EXERCISE DIRECTIONS: This exercise calls for retyping every line below exactly, with the images omitted.

GIVEN MATERIAL:
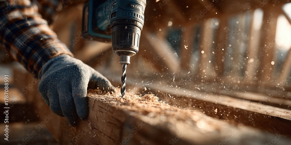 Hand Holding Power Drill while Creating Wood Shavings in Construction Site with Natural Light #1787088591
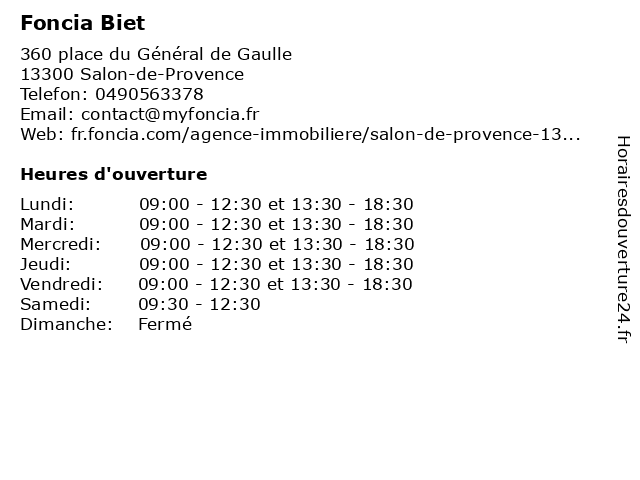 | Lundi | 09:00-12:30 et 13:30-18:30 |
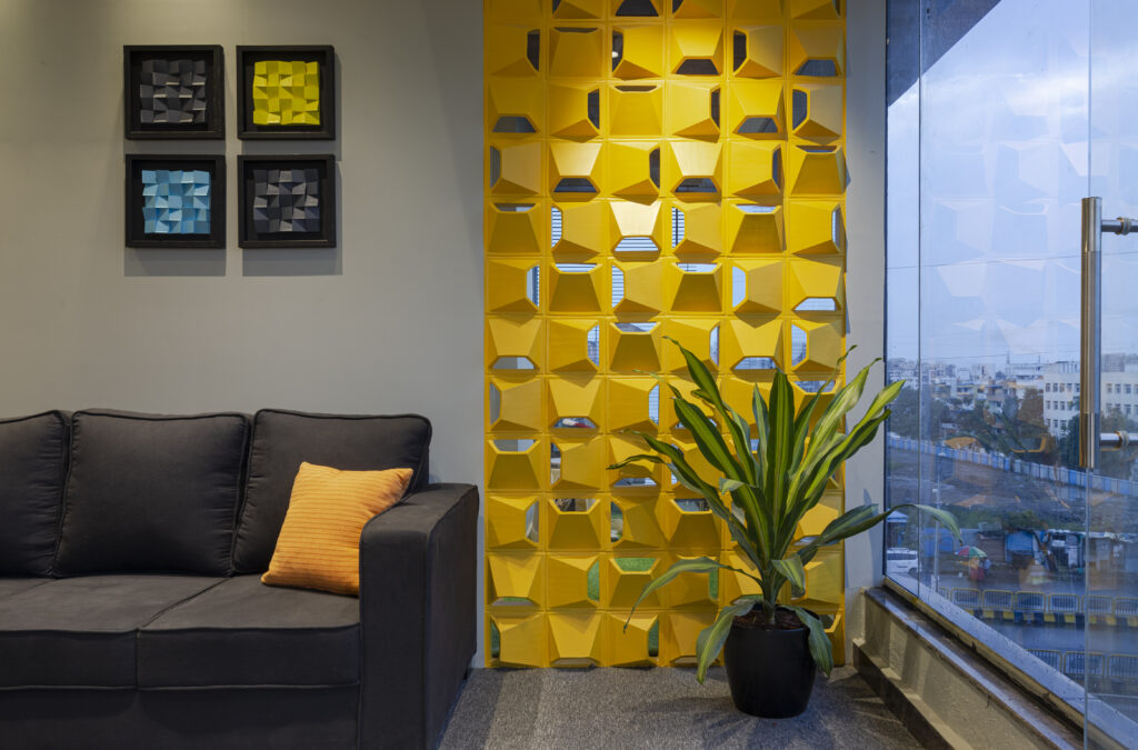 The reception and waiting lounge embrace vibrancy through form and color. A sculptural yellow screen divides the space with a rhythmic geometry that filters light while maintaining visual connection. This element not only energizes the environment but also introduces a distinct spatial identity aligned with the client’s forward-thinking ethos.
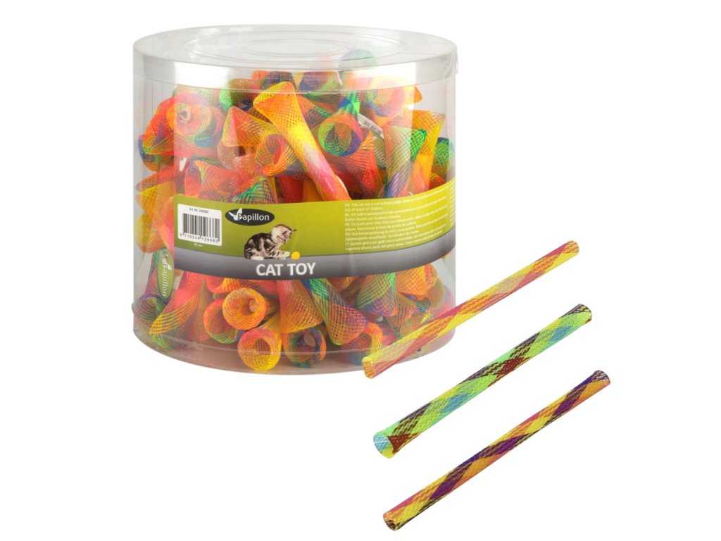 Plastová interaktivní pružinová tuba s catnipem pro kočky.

REPLY TO THE EXERCISE:
 Hand Holding Power Drill while Creating Wood Shavings in Construction Site with Natural Light #1787088591
 | Lundi | 09:00-12:30 et 13:30-18:30 |
 The reception and waiting lounge embrace vibrancy through form and color. A sculptural yellow screen divides the space with a rhythmic geometry that filters light while maintaining visual connection. This element not only energizes the environment but also introduces a distinct spatial identity aligned with the client’s forward-thinking ethos.
 Plastová interaktivní pružinová tuba s catnipem pro kočky.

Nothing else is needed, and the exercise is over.